My brother and I are terrible heathens. In addition, I'd like to note we ate at a Mexican restaurant beforehand, I had one Texas margarita, not even the big size, but I think they poured half a bottle of Tequila in it. Now I have some pictures of me and my kid and my niece and nephew and my friends' kids all making duck face selfies with a fake baby Jesus that we passed while waiting in line for 2 hours to see the real Nativity. And because this was Baptist, before we pulled away, we all had to pray but I don't remember exactly what about. I think there was a part in there about bringing the drunk heathens sitting on the middle row of hay, and particularly the one who encouraged the children she was with to do hip hop poses and duck faces with wooden cutouts of the Holy Family earlier, to repent and come to Jesus...but I can't be sure. The tequila was wearing off, but I wouldn't be sober again til the Resurrection. And so I did not close my eyes during the prayer though I bowed my head because I didn't need that kind of judgment from Jesus' people right then. I mean, I love historical Jesus (if there was one) a lot, but I don't think he was magic. I believe in a Something, but I don't think the Baptists would like my version of It. 

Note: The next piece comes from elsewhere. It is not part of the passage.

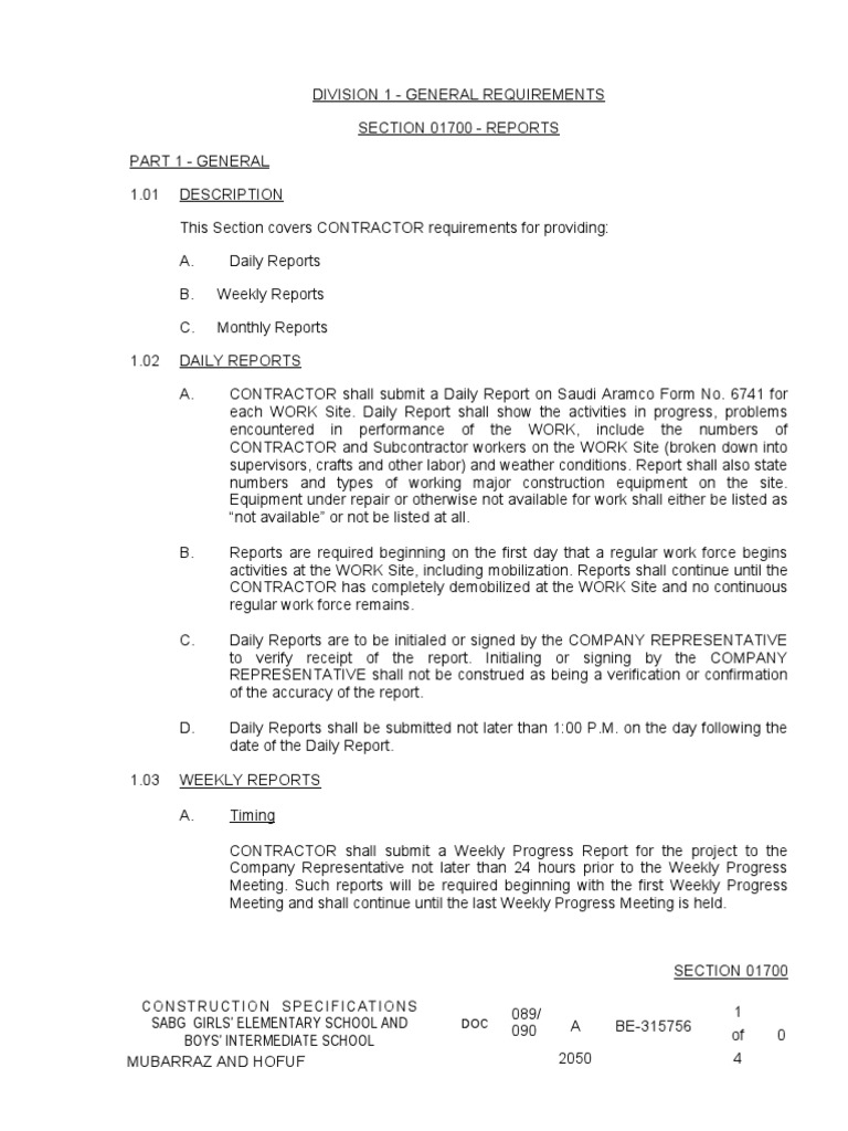 DAILY REPORTS A. CONTRACTOR shall submit a Daily Report on Saudi Aramco Form No. 6741 for each WORK Site. Daily Report shall show the activities in progress, problems encountered in performance of the WORK, include the numbers of CONTRACTOR and Subcontractor workers on the WORK Site (broken down into supervisors, crafts and other labor) and weather conditions. Report shall also state numbers and types of working major construction equipment on the site. Equipment under repair or otherwise not available for work shall either be listed as not available or not be listed at all. Reports are required beginning on the first day that a regular work force begins activities at the WORK Site, including mobilization. Reports shall continue until the CONTRACTOR has completely demobilized at the WORK Site and no continuous regular work force remains. Daily Reports are to be initialed or signed by the COMPANY REPRESENTATIVE to verify receipt of the report. Initialing or signing by the COMPANY REPRESENTATIVE shall not be construed as being a verification or confirmation of the accuracy of the report. Daily Reports shall be submitted not later than 1:00 P.M. on the day following the date of the Daily Report.

My brother is just a sarcastic ass, who is always looking for the jokey joke. Seriously, we can't take him anywhere. I didn't see them, but apparently there were apples at The Last Supper scene, and he swears Israel didn't have those in Jesus' time. And he cracked up when the shepherds messed up and you could hear them in their mics whispering about starting over. And he could barely contain himself at the resurrection scene because he swore if Jesus rose straight up out of those bushes...and sure enough, right on cue. Then it took Jesus like a whole 4 minutes to get to Heaven. Which, it seems he'd have been able to go a lot faster. I mean, he's dead/magical Jesus now. 

It's okay. We know we are not going to enjoy the fruits of Heaven because of our attitudes. Plus, we're Presbyterians.

Confession: I had a really long blog entry here about choices and consequences. But it was discombobulated and sort of preachy. But lately I've been thinking a lot about choices and their consequences. The Law of Physics says for every action there's a reaction, and that pretty much sums up choices and consequences. You make a choice, you get a consequence, so choose wisely. You choose to ask for something, be prepared for anything that shows up, so ask wisely. 

Maybe later when I'm on break and have had more sleep I'll dive into it some more. But for now, I need to go grade papers. Oh, and shop the Internet for a beginner's magic kit and something called a zoomer zuppie cat. But if the next two weeks go the way the last two weeks have, I predict I'll be wrapping up a lot of coal instead.